On a completely different note, Ishiguro is British, so there were references that I  didn’t get. My favorite was when they crossed the street at the pelican. I’ve been to London several times, and never heard that expression. A pelicon (note the spelling) is a blend of other words. Pedestrian light controlled crossing. There are also panda, Pegasus and toucan and puffin crossings!


While the three protagonists were at Hailsham, their boarding school, they heard repeated references to Norfolk, the lost corner of England. In the students’ minds, this quite literally meant that all the things people lost wound up in Norfolk. There was a particularly sweet moment that Tommy and Kathy shared in Norfolk, when they visited years laters as adults, out on their own. To say more would spoil the story.

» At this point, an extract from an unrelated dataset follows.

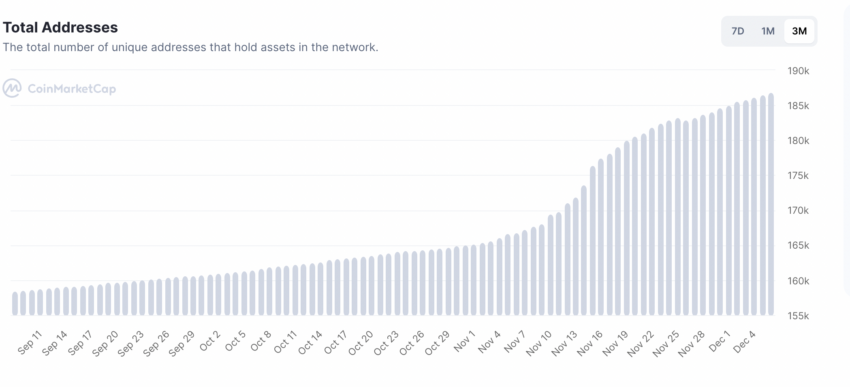 Pomimo rynku niedźwiedzia, liczba adresów posiadających tokeny GALA wzrosła od września do grudnia.

Beach at Mundesley, Norfolk, showing coastal erosion, England.
The town they visited in Norfolk was unnamed, but it was seaside, had cliffs, and some quaint shops, so I chose Mundesley after looking at photos of several other seaside towns.


When Tommy, Ruth and Kathy left Hailsham, before they began their donations, they lived at a place called the Cottages with people who were slightly older than them, and had attended a different boarding school. One of the women, Fiona, made a huge stew, to feed the small crowd who lived there. Here is a crockpot version of a beef stew that is so convenient to prep when you use frozen vegetables.

Beef Stew
Serves 6
Cooking Time: 9 to 11 hours on Low or 5 to 7 hours on High

2 C frozen chopped onions (or 2 onions, minced)
3 T tomato paste
2 T vegetable oil
1½ tsp garlic powder (or 6 garlic cloves, minced)
2 tsp minced fresh thyme or 1/2 teaspoon dried
1 C low-sodium chicken broth, plus extra as needed
1 C beef broth
8 oz. baby carrots
¼ C soy sauce
2 T Minute tapioca
2 bay leaves
3 lbs. beef steak tips
Salt and pepper
1 pound frozen roasted potatoes
1 C frozen peas

Microwave onions, tomato paste, 1 tablespoon oil, garlic powder, and thyme in bowl, stirring occasionally, until onions are softened, about 5 minutes; transfer to slow cooker.

Stir chicken broth, beef broth, carrots, soy sauce, tapioca, and bay leaves into slow cooker. Season beef with salt and pepper and nestle into slow cooker. Cover and cook until beef is tender, 9 to 11 hours on low or 5 to 7 hours on high.

Transfer beef to cutting board, let cool slightly, then shred into bite-size pieces. Let stew settle for 5 minutes, then remove fat from surface using large spoon. Discard bay leaves.

Microwave potatoes with remaining tablespoon oil in bowl, stirring occasionally, until thawed and warm, 5 to 7 minutes. Stir warm potatoes, shredded beef, and peas into stew and let sit until heated through, about 5 minutes. (Adjust stew consistency with additional hot broth as needed.) Season with salt and pepper to taste and serve.